可是男人根本不吃我這一套,逼問,“錯哪兒了?”
“……”這種橋段,一般不都是女人逼問男人么,為什么到我這兒就反了呢?
我怎么把自己活成了一個反面教材!
“我不該小覷顧公子的心胸,更不該不相信你,說謊騙你。”我掰著指頭細數自己的罪證,然后撅了撅嘴,“但是我可以解釋的,真的。”
男人不說話,就那么涼悠悠的看著我,看得我一顆心七上八下。
“不是吧,罪不至死啊顧少!”賣萌不成,我只能豁出去試試看出賣色相了,嫵媚的挑了眼角,一用力把他拉過來,嘴唇照著他的薄唇直接印上去。
誰知道,關鍵時刻,他居然偏頭躲開了。
顧子言冷峻如雕的臉上透著一抹陰霾,黑眸微瞇,“你跟洛奕軒,有什么事不能說?”
“沒有,我發誓!”我舉起右手,滿臉真誠的發誓,“真的,我就是……就是想求他幫個忙,扮演一下悠悠的男朋友,陪她去參加一下前任婚禮而已。”
我一心為朋友,沒想到居然落到這個境地,也是冤枉。
反正都已經說了,不如干脆說得更清楚點。
我抓著他的胳膊搖了搖,“我這不是想跟你好好過日子嘛,就想著把身邊那些亂七八糟的關系整理一下。雖然我跟他清清白白,對他也絕對沒有那方面的心思,但你不是不喜歡我跟他接觸太多么,所以我就想試試看,能不能把他跟悠悠湊成一對。原本悠悠是想請你幫忙演戲的,可你是我老公,將心比心,我自然也不喜歡你身邊有女人出沒,哪怕是假的也不行,所以……”
話說成這樣,已經是極大程度的在討好他了。
果然,顧子言的臉色好看了不少,沉默了半晌,冷聲問了一句,“實話?”
“你不相信?”我咬唇,垂眸給了他一個委屈的目光,悶悶的道,“你讓我相信你跟米朵沒有什么,卻不相信我跟洛奕軒的清白。顧子言,做人不能這么霸道。”

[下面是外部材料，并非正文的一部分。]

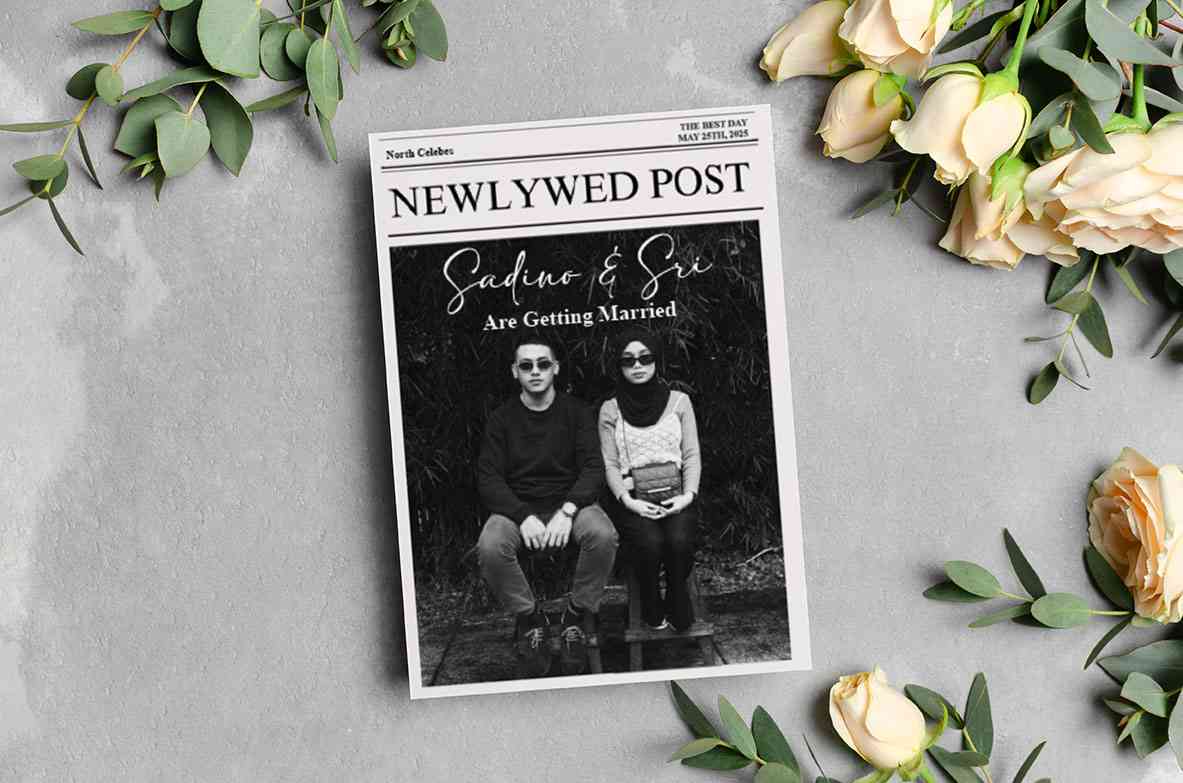 Undangan pernikahan bergaya koran klasik ini menampilkan pasangan Sadino & Sri dengan sentuhan hitam putih yang elegan dan minimalis. Layout khas...
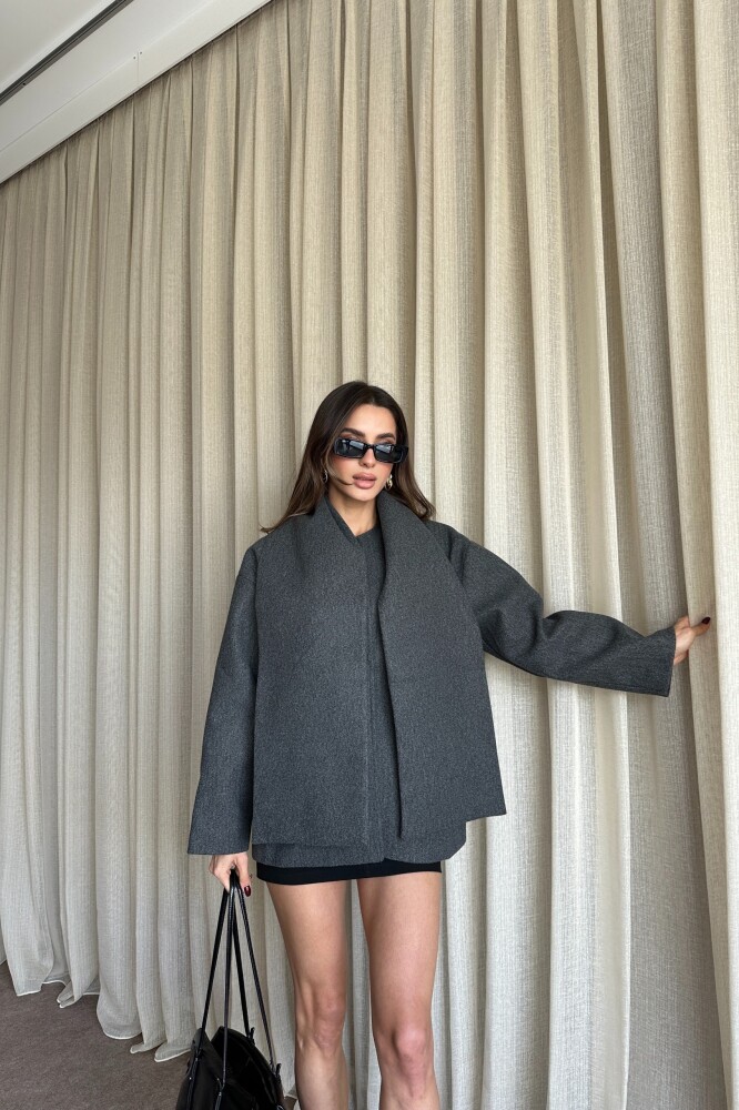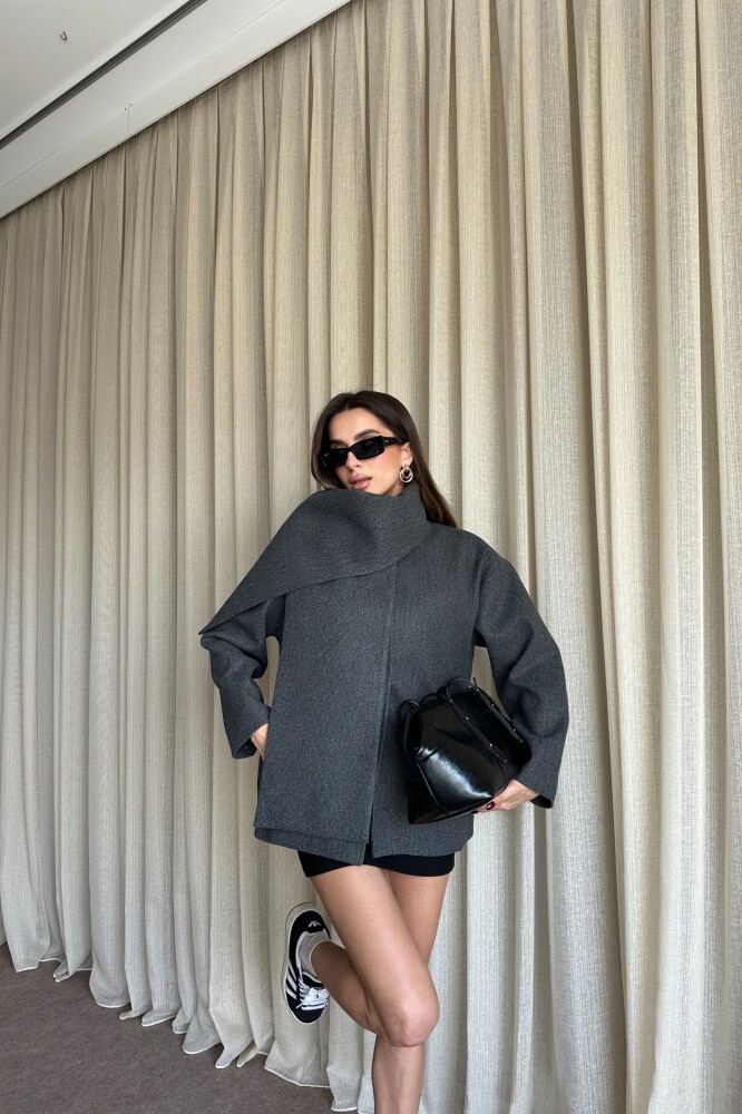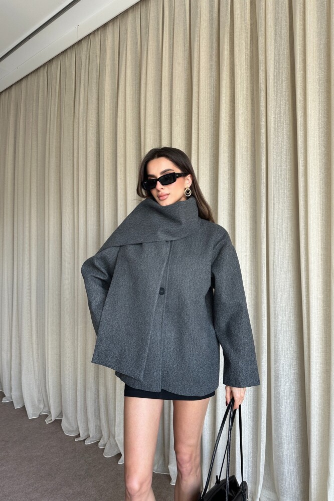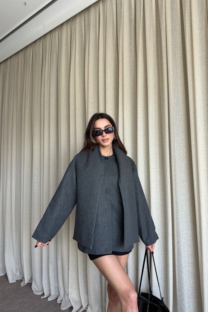 Şal Detaylı Astarlı Kaşe Kaban - Antrasit

顧子言當下就蹙了蹙眉,似乎又有些生氣,“慕雨菲,米朵只是我的過去,跟洛奕軒能一樣?”
我也有些生氣了,好話說了一大堆,該說的不該說的全說了,就許他股大少有尊嚴要面子,我就必須要小心翼翼的伺候著哄著?
這段時間我前前后后跟他表白了多少次,他呢?除了在我身上進進出出以外,半句好聽的話都沒說過。他把我當成什么了?喜歡就拿來用用,不喜歡就丟掉的工具嗎?
我慕雨菲就這么廉價?
他天天跟別的女人緋聞來緋聞去,我說什么了?憑什么我身邊出現個稍微對我好點的男的,他就給我甩臉子不高興?
想到這里,我再也忍不住,直接放任自己紅了眼眶,眼底氤氳了一片水霧。
顧子言默不作聲,緊抿著嘴角,一雙如黑曜石般的墨瞳深邃不見底。
我們誰都沒有先開口,似乎是在斗氣,看誰會先服輸一樣。
過了好一會兒,久到我都開始覺得自己這種莫名其妙的斗氣顯得很可笑,我可能一輩子都等不到顧子言開口哄我的時候,忽然聽到男人開腔說了一句。
“哭什么?騙人你還有理了?”
我抬手摸了一下,指尖觸到一片冰涼,這才發現自己居然真的在哭。
其實我也不知道自己有什么好哭的,但就是覺得委屈,也不知道還能說什么,于是就這么淚眼朦朧的看著他。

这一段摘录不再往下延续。